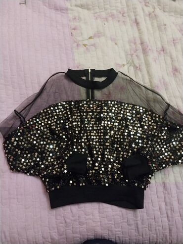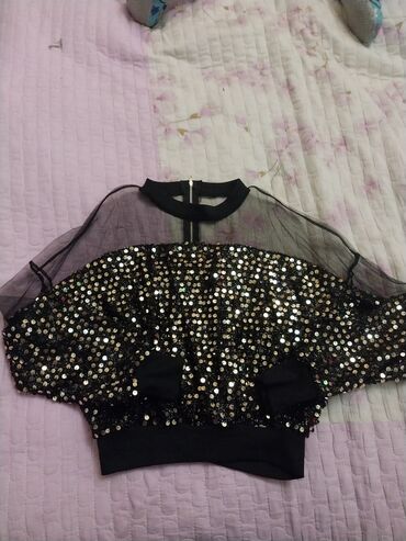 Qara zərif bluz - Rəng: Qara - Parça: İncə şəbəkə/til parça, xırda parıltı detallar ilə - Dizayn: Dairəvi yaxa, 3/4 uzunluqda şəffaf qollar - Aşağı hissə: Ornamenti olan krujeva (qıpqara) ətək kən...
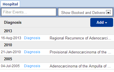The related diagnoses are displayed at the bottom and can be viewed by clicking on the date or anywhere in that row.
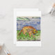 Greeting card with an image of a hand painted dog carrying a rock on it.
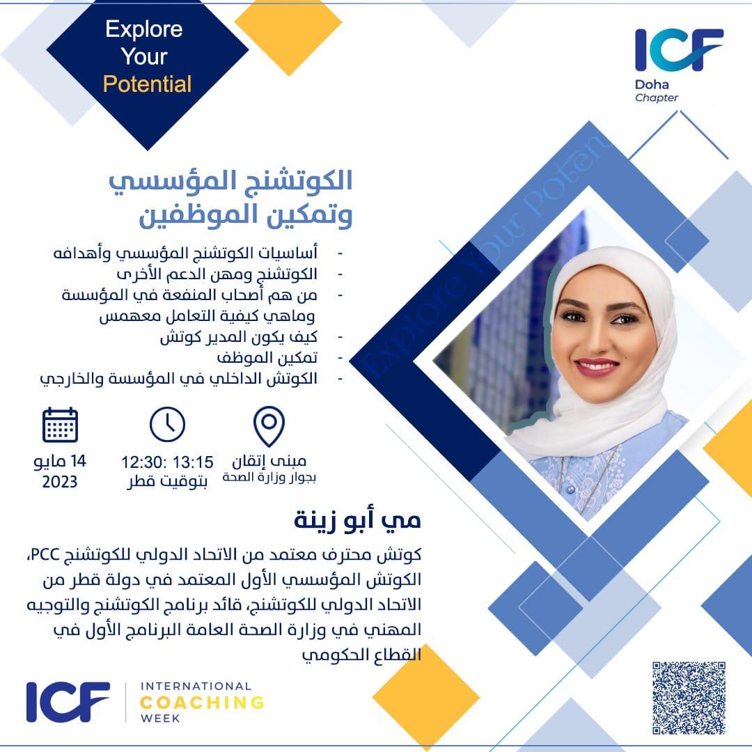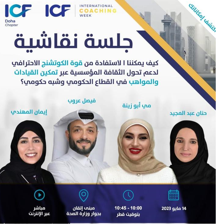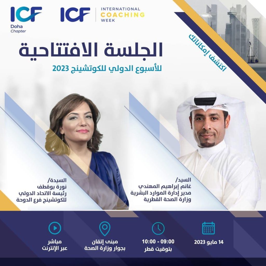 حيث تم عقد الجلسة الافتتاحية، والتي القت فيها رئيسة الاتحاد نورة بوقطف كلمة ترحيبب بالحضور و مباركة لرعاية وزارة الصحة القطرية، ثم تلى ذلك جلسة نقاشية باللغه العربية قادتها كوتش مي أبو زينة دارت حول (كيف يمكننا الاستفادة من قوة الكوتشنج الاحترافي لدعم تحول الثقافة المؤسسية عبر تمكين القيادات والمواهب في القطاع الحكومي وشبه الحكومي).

==

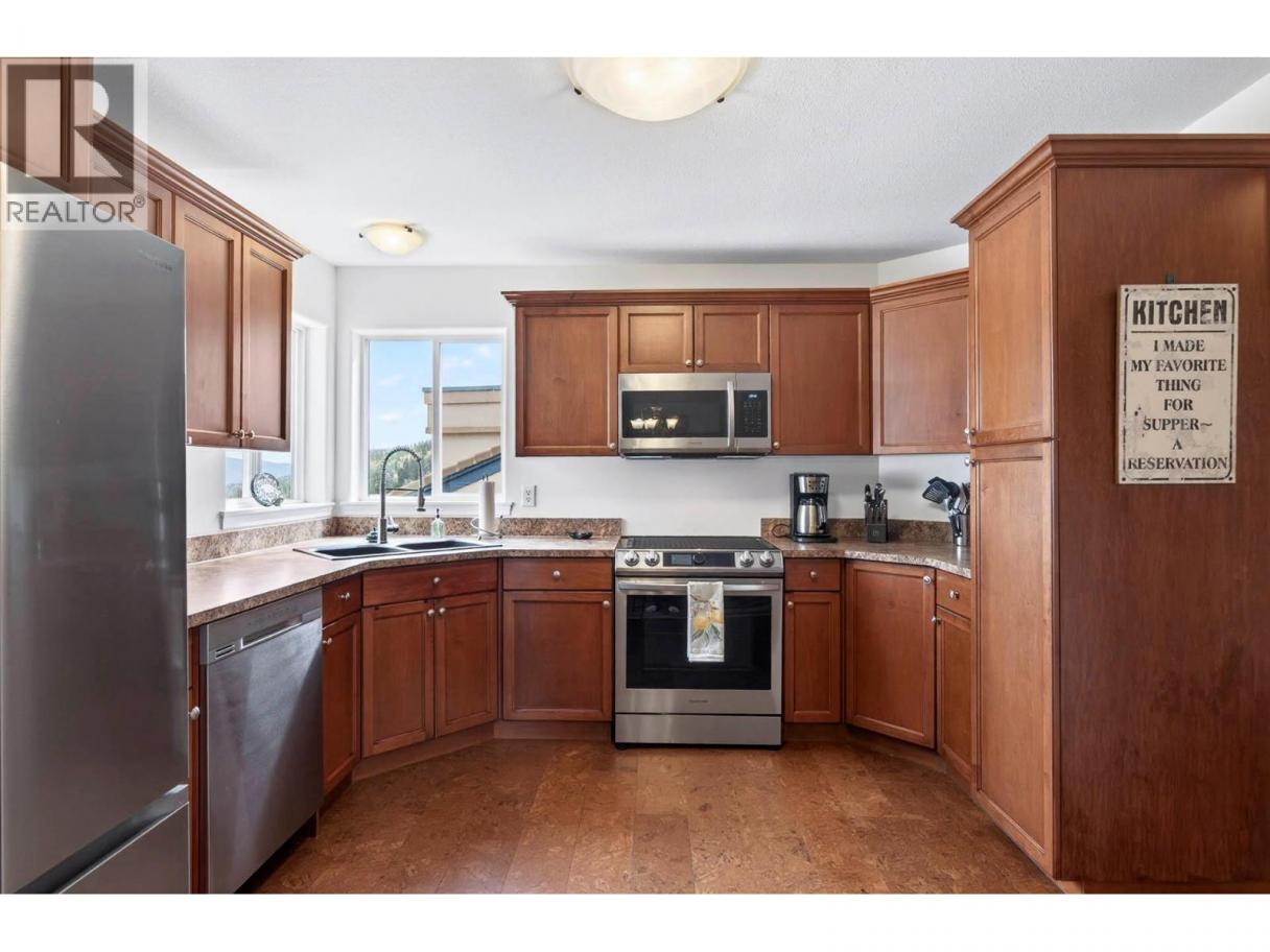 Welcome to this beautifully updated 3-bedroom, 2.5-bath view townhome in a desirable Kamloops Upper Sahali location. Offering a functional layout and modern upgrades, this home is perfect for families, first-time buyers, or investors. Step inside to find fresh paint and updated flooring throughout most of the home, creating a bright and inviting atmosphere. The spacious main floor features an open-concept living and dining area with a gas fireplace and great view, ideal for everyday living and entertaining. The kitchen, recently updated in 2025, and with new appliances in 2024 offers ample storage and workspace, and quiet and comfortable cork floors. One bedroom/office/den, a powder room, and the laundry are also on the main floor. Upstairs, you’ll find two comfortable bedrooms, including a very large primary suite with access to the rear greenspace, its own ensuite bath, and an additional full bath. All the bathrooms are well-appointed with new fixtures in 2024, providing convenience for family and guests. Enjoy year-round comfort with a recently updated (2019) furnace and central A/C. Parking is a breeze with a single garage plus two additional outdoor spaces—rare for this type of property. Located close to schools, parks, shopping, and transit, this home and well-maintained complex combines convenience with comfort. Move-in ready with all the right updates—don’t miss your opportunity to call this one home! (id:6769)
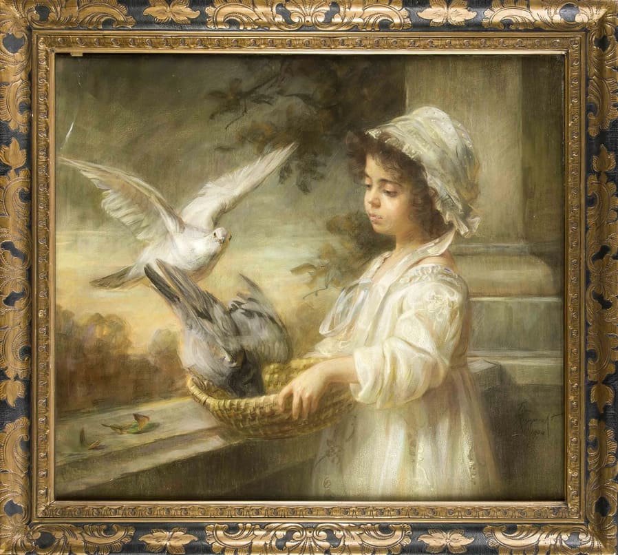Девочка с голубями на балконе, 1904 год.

...

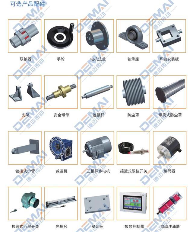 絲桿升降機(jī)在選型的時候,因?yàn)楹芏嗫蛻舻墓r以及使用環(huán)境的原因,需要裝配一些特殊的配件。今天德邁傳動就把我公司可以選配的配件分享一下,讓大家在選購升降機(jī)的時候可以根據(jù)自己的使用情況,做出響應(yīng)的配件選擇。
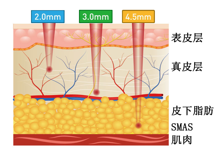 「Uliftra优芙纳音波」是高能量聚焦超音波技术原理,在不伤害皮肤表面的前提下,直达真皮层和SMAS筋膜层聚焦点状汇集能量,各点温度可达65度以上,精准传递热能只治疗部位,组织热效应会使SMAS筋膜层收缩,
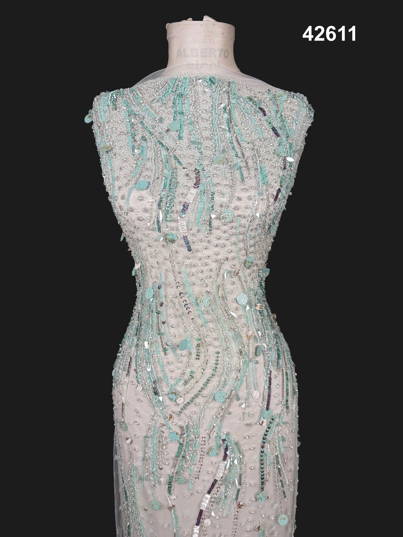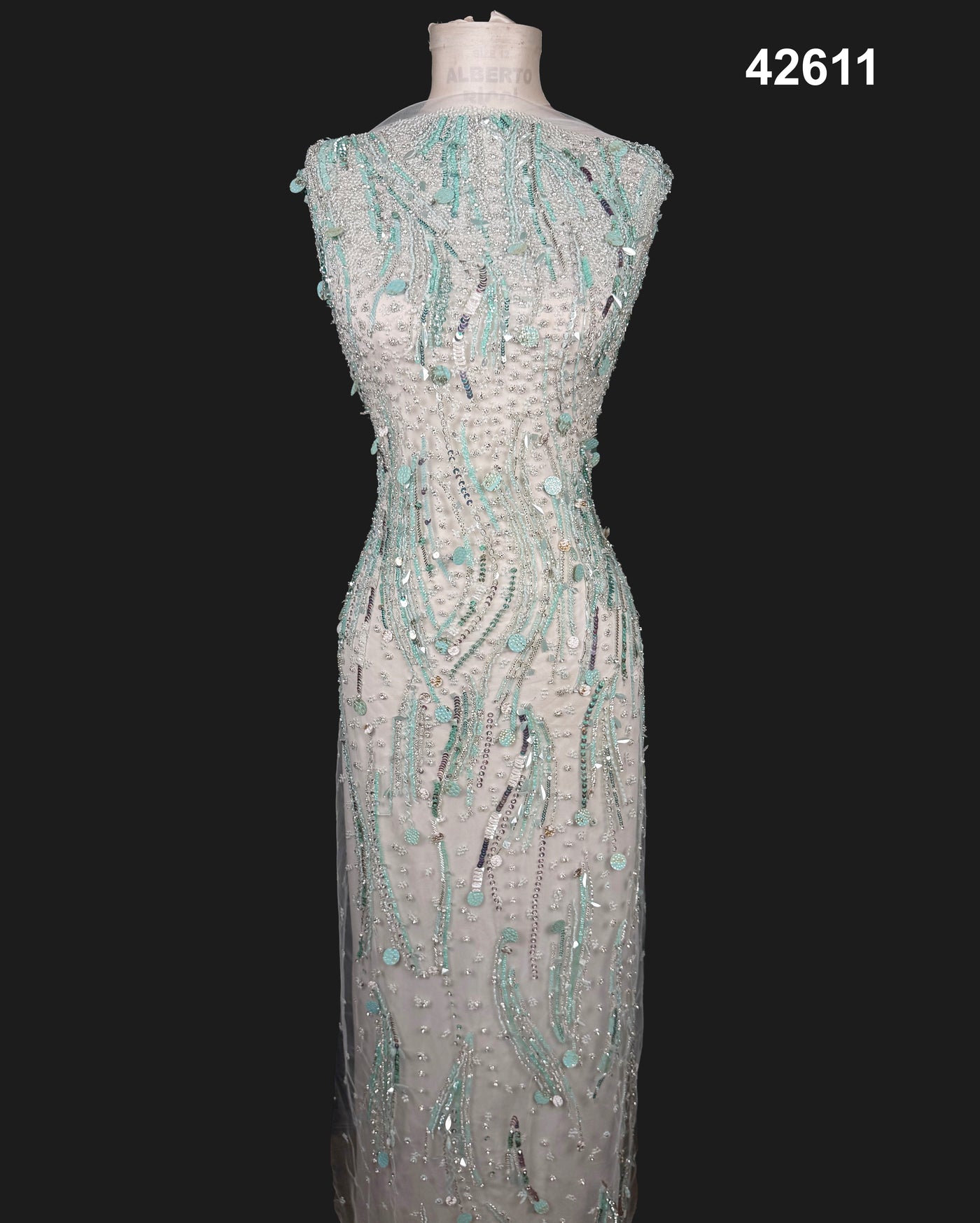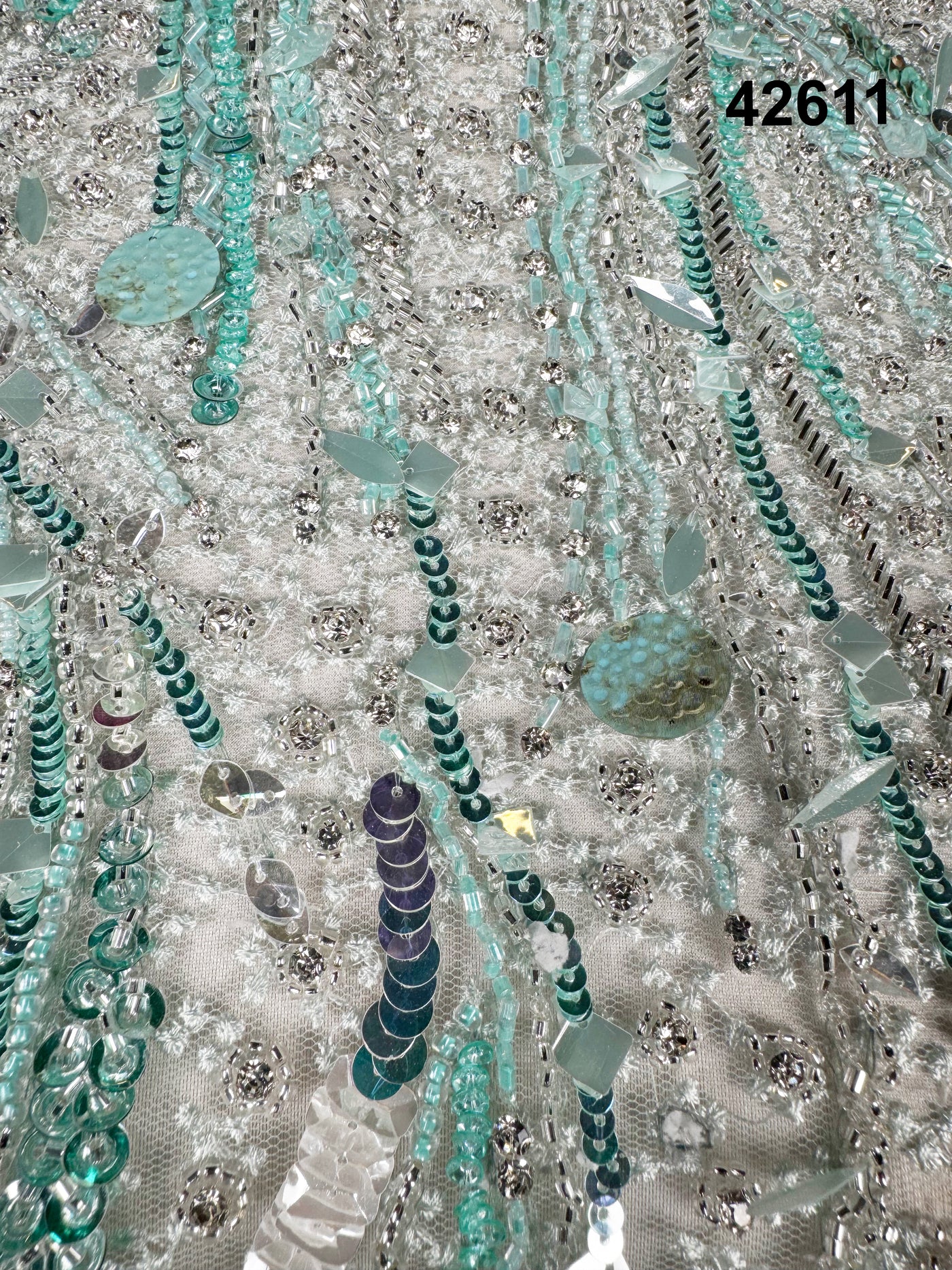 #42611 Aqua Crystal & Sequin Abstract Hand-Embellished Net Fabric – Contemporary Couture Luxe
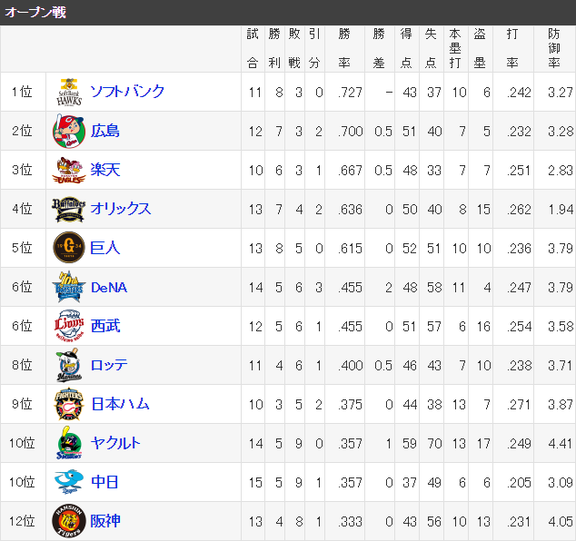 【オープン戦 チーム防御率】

Task statement:
From the records above, give again only the part that opens with the line containing "The related diagnoses" and closes with the line containing "حيث تم عقد الجلسة". Keep both ends but drop the pictures.

Answer below:
The related diagnoses are displayed at the bottom and can be viewed by clicking on the date or anywhere in that row.
 Greeting card with an image of a hand painted dog carrying a rock on it.
 حيث تم عقد الجلسة الافتتاحية، والتي القت فيها رئيسة الاتحاد نورة بوقطف كلمة ترحيبب بالحضور و مباركة لرعاية وزارة الصحة القطرية، ثم تلى ذلك جلسة نقاشية باللغه العربية قادتها كوتش مي أبو زينة دارت حول (كيف يمكننا الاستفادة من قوة الكوتشنج الاحترافي لدعم تحول الثقافة المؤسسية عبر تمكين القيادات والمواهب في القطاع الحكومي وشبه الحكومي).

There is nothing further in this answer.